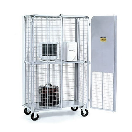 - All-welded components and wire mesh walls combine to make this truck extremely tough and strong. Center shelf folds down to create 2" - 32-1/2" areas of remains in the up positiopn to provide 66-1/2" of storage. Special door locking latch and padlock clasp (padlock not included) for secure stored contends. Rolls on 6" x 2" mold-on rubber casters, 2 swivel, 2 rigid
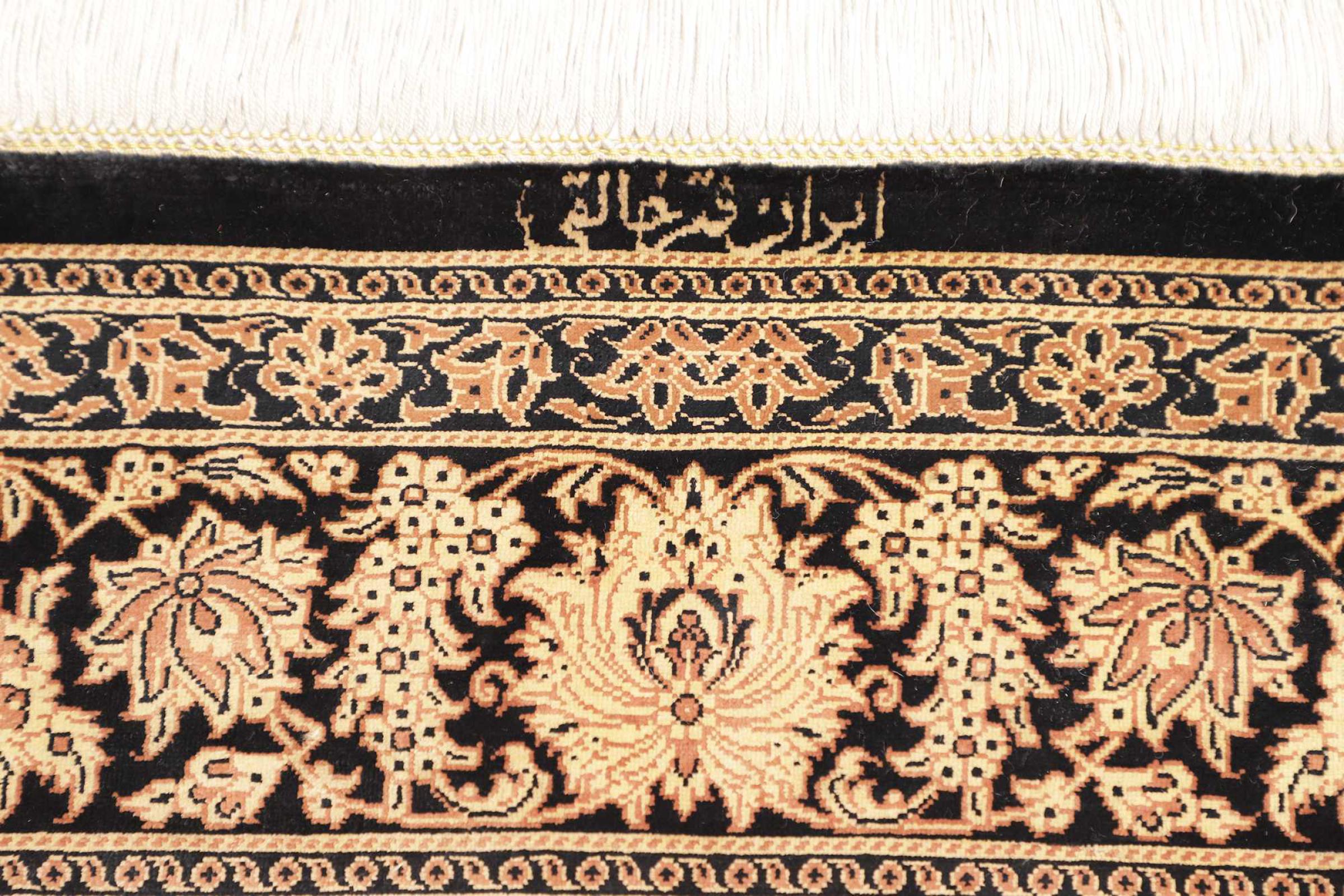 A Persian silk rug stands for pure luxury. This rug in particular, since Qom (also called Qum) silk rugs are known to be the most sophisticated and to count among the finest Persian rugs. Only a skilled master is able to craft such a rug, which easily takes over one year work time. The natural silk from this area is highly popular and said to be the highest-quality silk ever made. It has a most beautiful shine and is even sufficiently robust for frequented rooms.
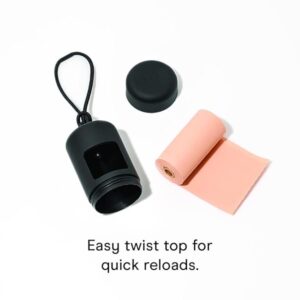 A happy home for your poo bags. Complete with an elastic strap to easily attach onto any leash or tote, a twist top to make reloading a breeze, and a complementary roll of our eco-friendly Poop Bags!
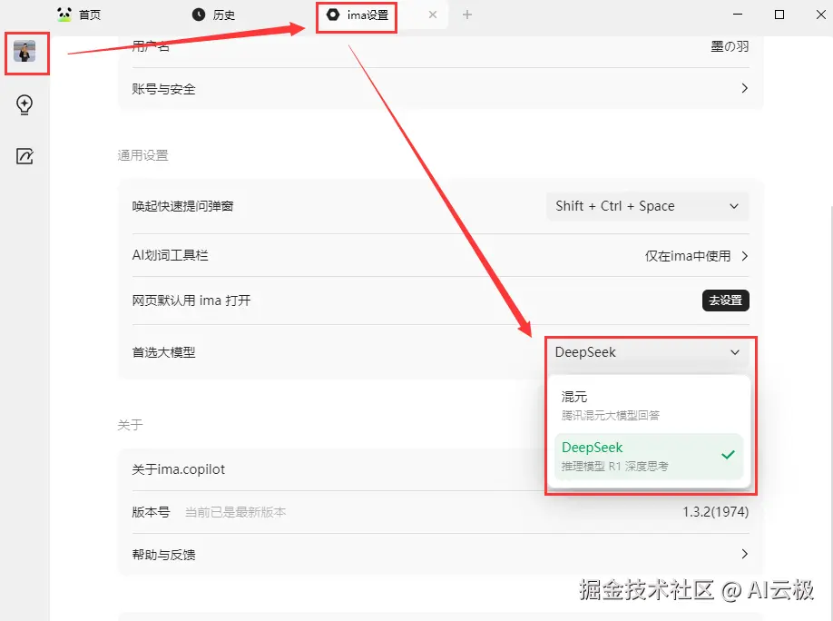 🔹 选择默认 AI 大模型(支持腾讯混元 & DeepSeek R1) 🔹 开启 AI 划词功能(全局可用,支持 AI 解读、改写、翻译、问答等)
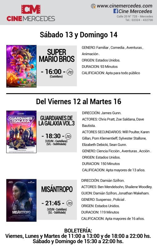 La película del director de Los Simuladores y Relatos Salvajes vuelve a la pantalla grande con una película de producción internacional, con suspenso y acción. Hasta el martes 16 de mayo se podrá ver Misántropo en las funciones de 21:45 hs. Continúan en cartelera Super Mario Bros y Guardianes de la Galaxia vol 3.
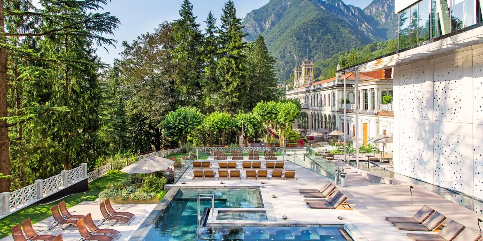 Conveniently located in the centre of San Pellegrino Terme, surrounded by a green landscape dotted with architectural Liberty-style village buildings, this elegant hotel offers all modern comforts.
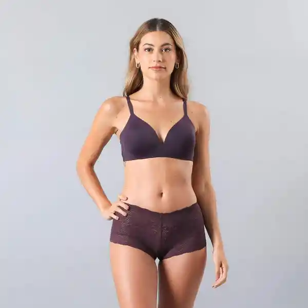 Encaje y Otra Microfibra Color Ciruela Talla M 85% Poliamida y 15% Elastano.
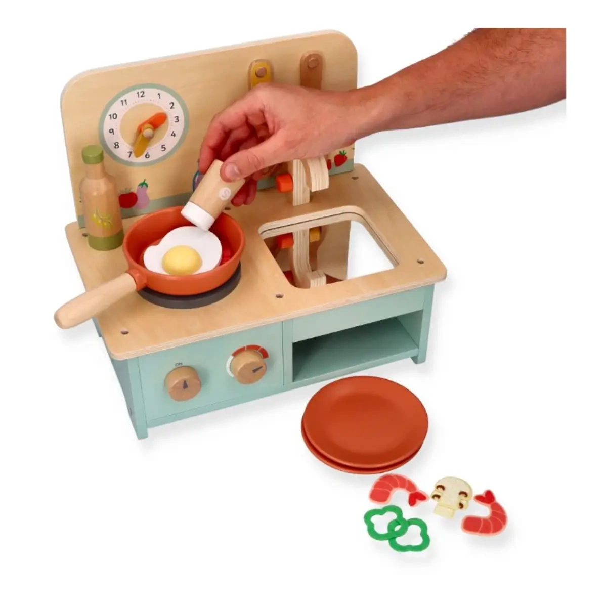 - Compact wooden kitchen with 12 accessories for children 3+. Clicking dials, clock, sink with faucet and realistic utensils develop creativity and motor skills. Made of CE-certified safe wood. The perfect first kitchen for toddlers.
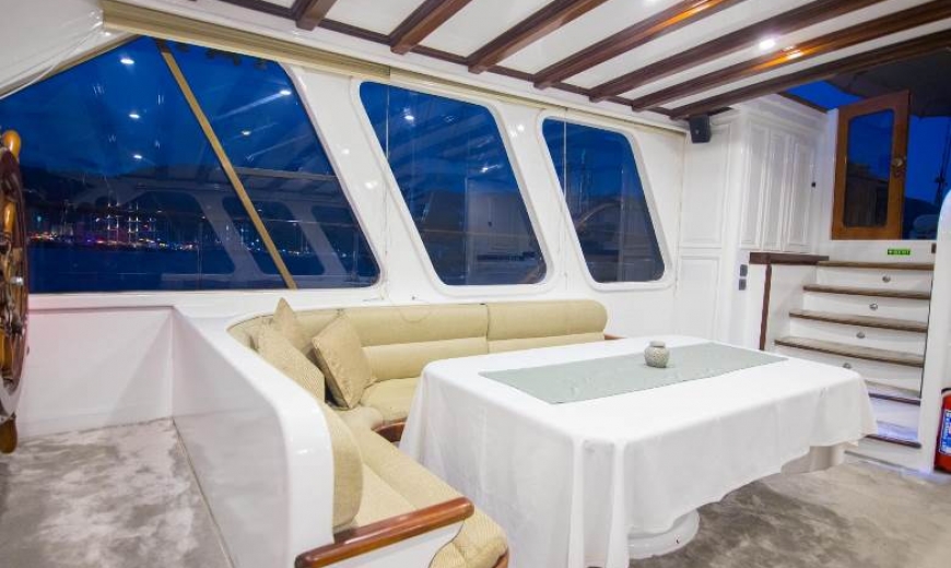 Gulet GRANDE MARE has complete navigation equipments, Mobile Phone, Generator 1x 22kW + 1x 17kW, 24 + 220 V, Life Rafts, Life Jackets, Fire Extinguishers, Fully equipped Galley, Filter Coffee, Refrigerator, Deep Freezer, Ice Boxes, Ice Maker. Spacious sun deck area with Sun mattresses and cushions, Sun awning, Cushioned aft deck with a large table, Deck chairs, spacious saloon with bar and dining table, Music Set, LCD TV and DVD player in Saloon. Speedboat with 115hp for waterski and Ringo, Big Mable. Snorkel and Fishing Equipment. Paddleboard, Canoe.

::::

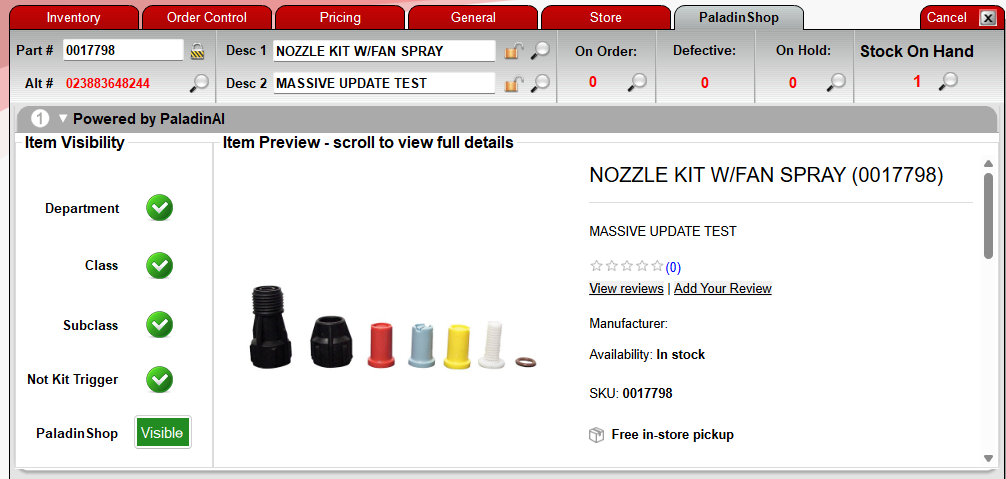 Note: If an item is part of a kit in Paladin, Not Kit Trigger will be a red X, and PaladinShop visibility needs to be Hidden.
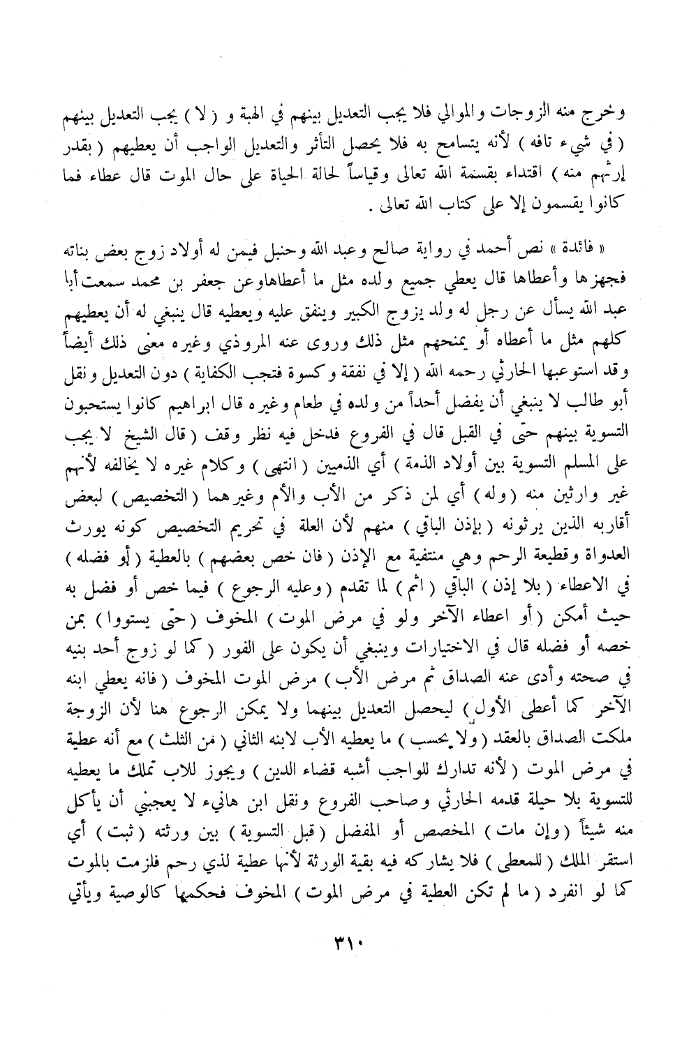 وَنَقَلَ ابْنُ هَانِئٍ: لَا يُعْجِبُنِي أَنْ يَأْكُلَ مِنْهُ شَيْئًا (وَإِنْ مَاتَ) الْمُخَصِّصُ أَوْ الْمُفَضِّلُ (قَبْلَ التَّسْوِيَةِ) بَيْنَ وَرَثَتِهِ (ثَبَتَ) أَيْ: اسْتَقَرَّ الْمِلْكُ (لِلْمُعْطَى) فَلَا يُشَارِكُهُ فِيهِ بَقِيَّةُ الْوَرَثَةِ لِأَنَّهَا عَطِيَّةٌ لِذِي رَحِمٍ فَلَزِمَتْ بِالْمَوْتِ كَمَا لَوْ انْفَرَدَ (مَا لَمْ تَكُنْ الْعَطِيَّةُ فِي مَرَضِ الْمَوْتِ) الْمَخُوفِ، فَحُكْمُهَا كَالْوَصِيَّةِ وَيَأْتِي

::::

## What to produce
The answer must be the lines above from the one containing "La película del" through the one containing "Encaje y Otra", reproduced exactly, with no pictures and nothing else.

## Problem solution
 La película del director de Los Simuladores y Relatos Salvajes vuelve a la pantalla grande con una película de producción internacional, con suspenso y acción. Hasta el martes 16 de mayo se podrá ver Misántropo en las funciones de 21:45 hs. Continúan en cartelera Super Mario Bros y Guardianes de la Galaxia vol 3.
 Conveniently located in the centre of San Pellegrino Terme, surrounded by a green landscape dotted with architectural Liberty-style village buildings, this elegant hotel offers all modern comforts.
 Encaje y Otra Microfibra Color Ciruela Talla M 85% Poliamida y 15% Elastano.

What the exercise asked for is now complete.